··· Extracted material

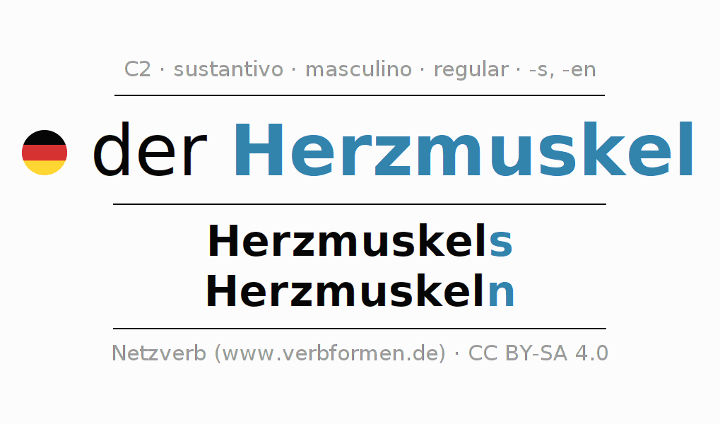 La declinación del sustantivoHerzmuskel (miocardio) se encuentra en genitivoHerzmuskels del singular y en el nominativoHerzmuskeln del plural. El sustantivo Herzmuskel se conjuga de forma mixta con estas terminaciones s/n. El género gramatical de Herzmuskel es masculino y por eso se requiere el artículo definido ‘der’. Aquí puedes declinar no solamente Herzmuskel sino también todos los sustantivos alemanes . Este sustantivo pertenece al vocabulario necesario para pasar el examen "Zertifikat Deutsch" o para el nivel C2. Comentarios ☆
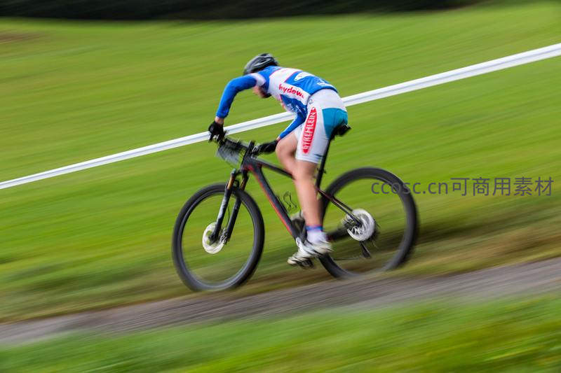 一名身穿专业骑行服的运动员正驾驶山地自行车在草地上高速过弯,背景的动态模糊效果突出了比赛的速度感与竞技激情。
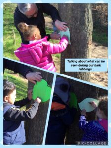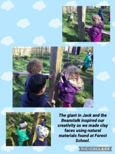 Lots of children had great fun venturing off with friends, looking at our pond area and wondering what could live in there.  Others tried their hand at many different activities based on this week’s class fairy tale, Jack and the Beanstalk. We planted our own beans, looked at the patterns on our bark rubbings, did a spot of leaf threading and used lots of natural materials to create the giant’s face using clay.
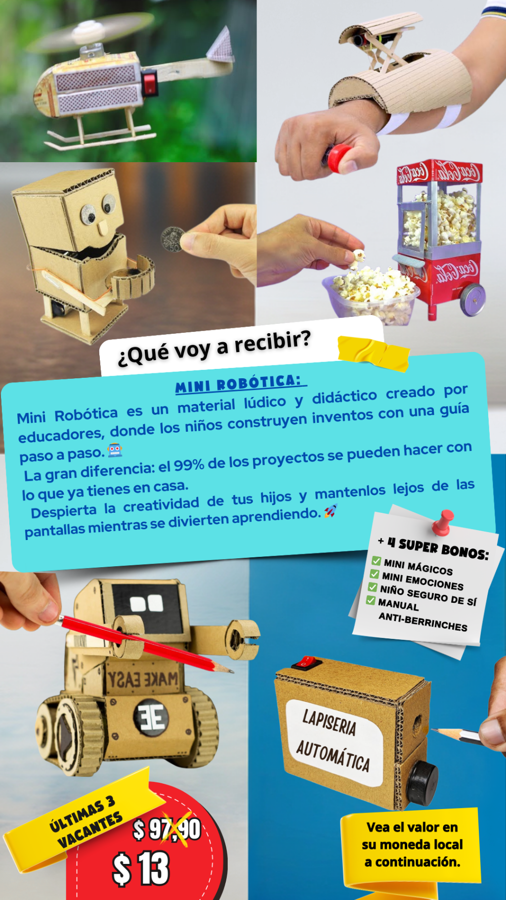 Descubre la magia de ver a tu hijo involucrarse en actividades llenas de pura creatividad, usando sus manos para recortar, inventar y explorar el fascinante mundo de **Mini Ingenieros**. Imagina la alegría en su carita al desarrollar nuevas habilidades y sentirse orgulloso con nuestros juguetes caseros súper divertidos. Mini Ingenieros ya ha transformado la vida de más de 43 mil niños, liberándolos de la dependencia de las pantallas y aliviando la ansiedad infantil.
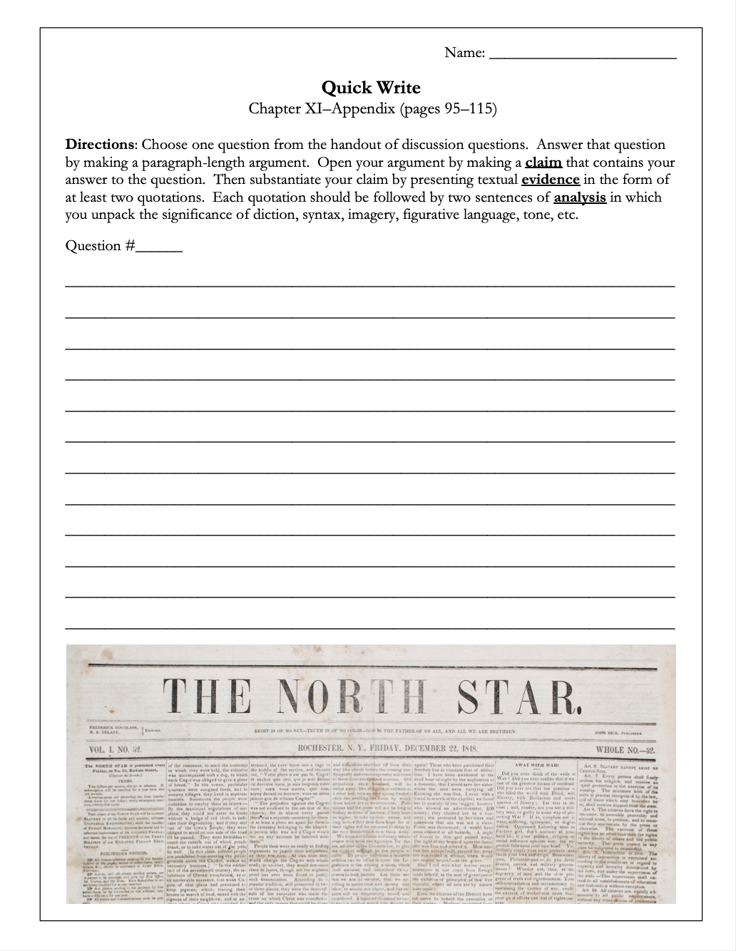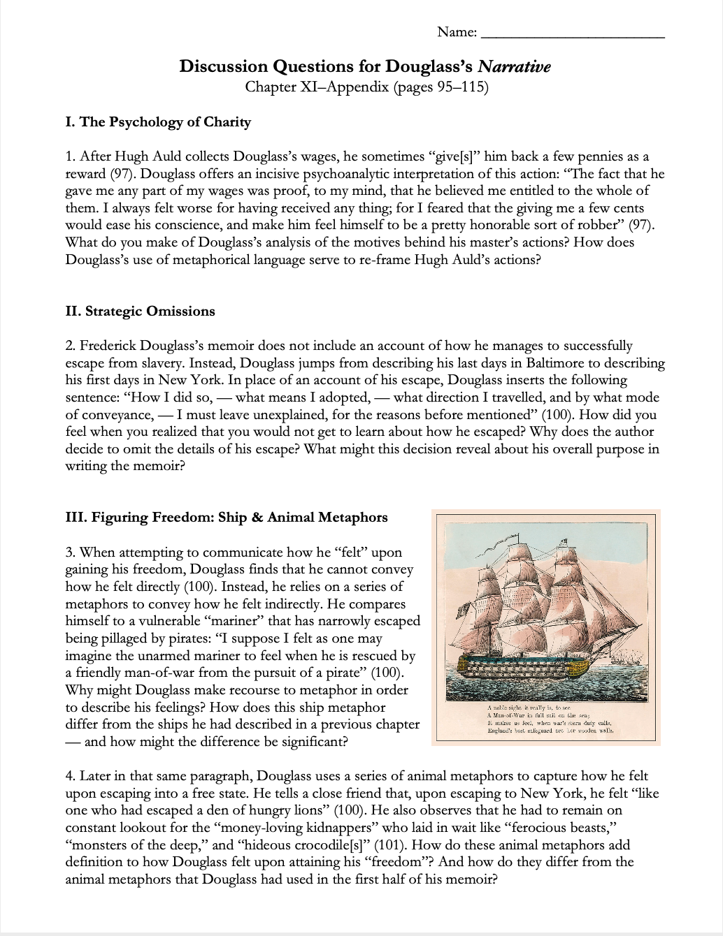 • Discussion Questions: Fifteen pages of higher-order discussion questions guaranteed to inspire profoundly thoughtful class discussions! This unit features double-sided handouts with 8-10 discussion questions for each section of Douglass's Narrative! The discussion questions are the beating heart of this curriculum. Every question is grounded in concrete textual details and challenges students to think critically about their significance. They challenge students to build interpretive arguments that require the support of carefully selected textual evidence — leading to keen interpretive insights! Guaranteed to foster deep thinking and dynamic discussions! (15 pages)
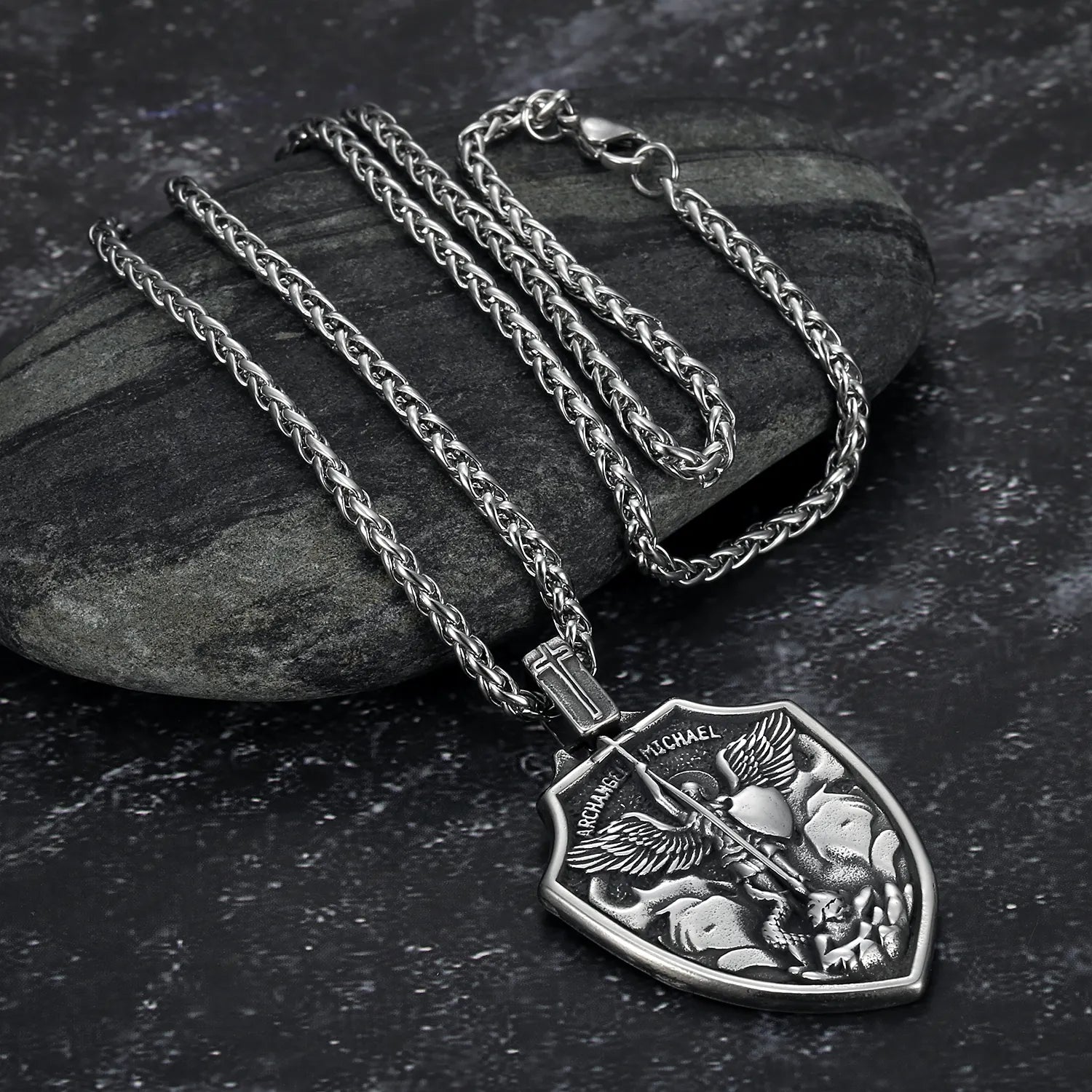 The pendant showcases a detailed relief of St. Michael the Archangel wielding his sword against a demonic figure, symbolizing the victory of good over evil. The shield shape itself is a traditional symbol of defense. A small cross adorns the top of the shield, further emphasizing its religious significance. This pendant comes with a sturdy stainless steel chain, making it a meaningful and inspirational piece for daily wear.
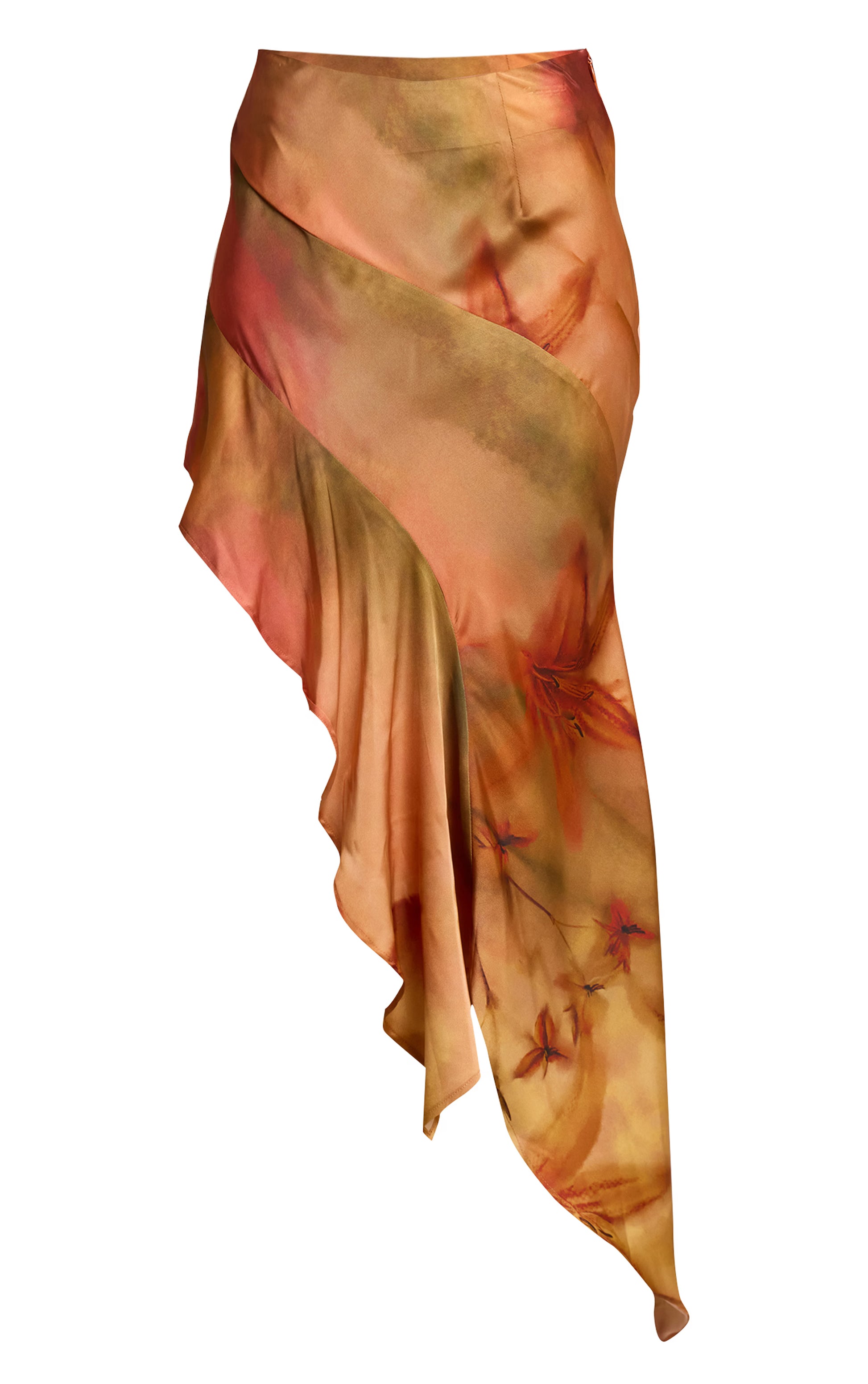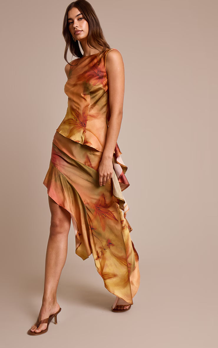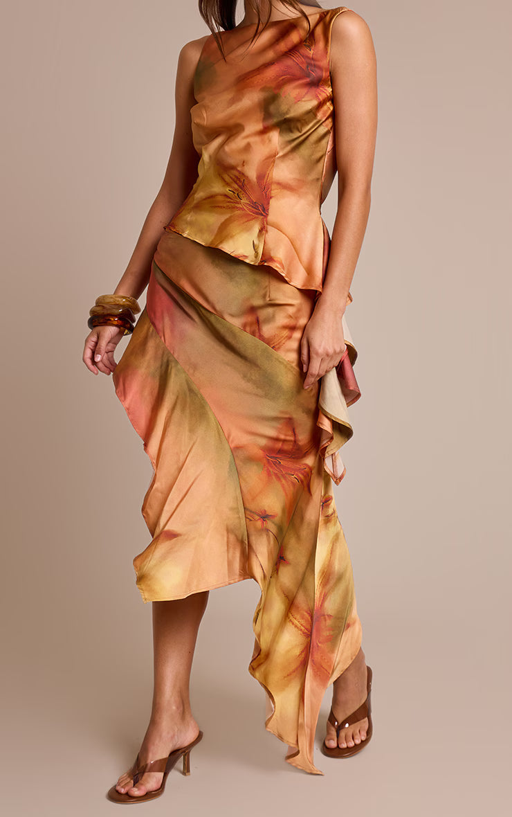 Burnt Orange Printed Satin Asymmetric Ruffle Midi Skirt
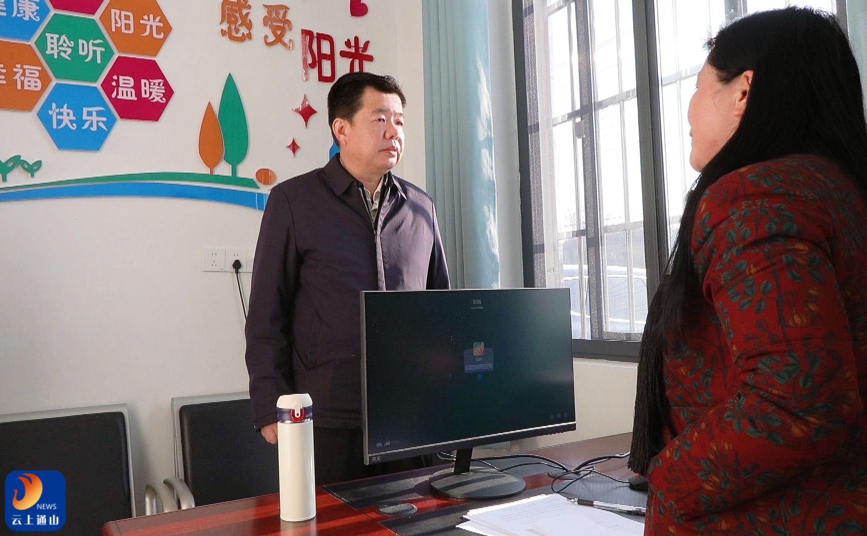 ▲吴涛与心理辅导老师深入交谈,详细了解日常工作开展模式和与学生互动的方式。

······

> What the exercise asks
Find the line with "Descubre la magia" and the line with "discussions! (15 pages)" in the records above. Copy both and all lines between them exactly, without pictures.

> Solution to this task
 Descubre la magia de ver a tu hijo involucrarse en actividades llenas de pura creatividad, usando sus manos para recortar, inventar y explorar el fascinante mundo de **Mini Ingenieros**. Imagina la alegría en su carita al desarrollar nuevas habilidades y sentirse orgulloso con nuestros juguetes caseros súper divertidos. Mini Ingenieros ya ha transformado la vida de más de 43 mil niños, liberándolos de la dependencia de las pantallas y aliviando la ansiedad infantil.
 • Discussion Questions: Fifteen pages of higher-order discussion questions guaranteed to inspire profoundly thoughtful class discussions! This unit features double-sided handouts with 8-10 discussion questions for each section of Douglass's Narrative! The discussion questions are the beating heart of this curriculum. Every question is grounded in concrete textual details and challenges students to think critically about their significance. They challenge students to build interpretive arguments that require the support of carefully selected textual evidence — leading to keen interpretive insights! Guaranteed to foster deep thinking and dynamic discussions! (15 pages)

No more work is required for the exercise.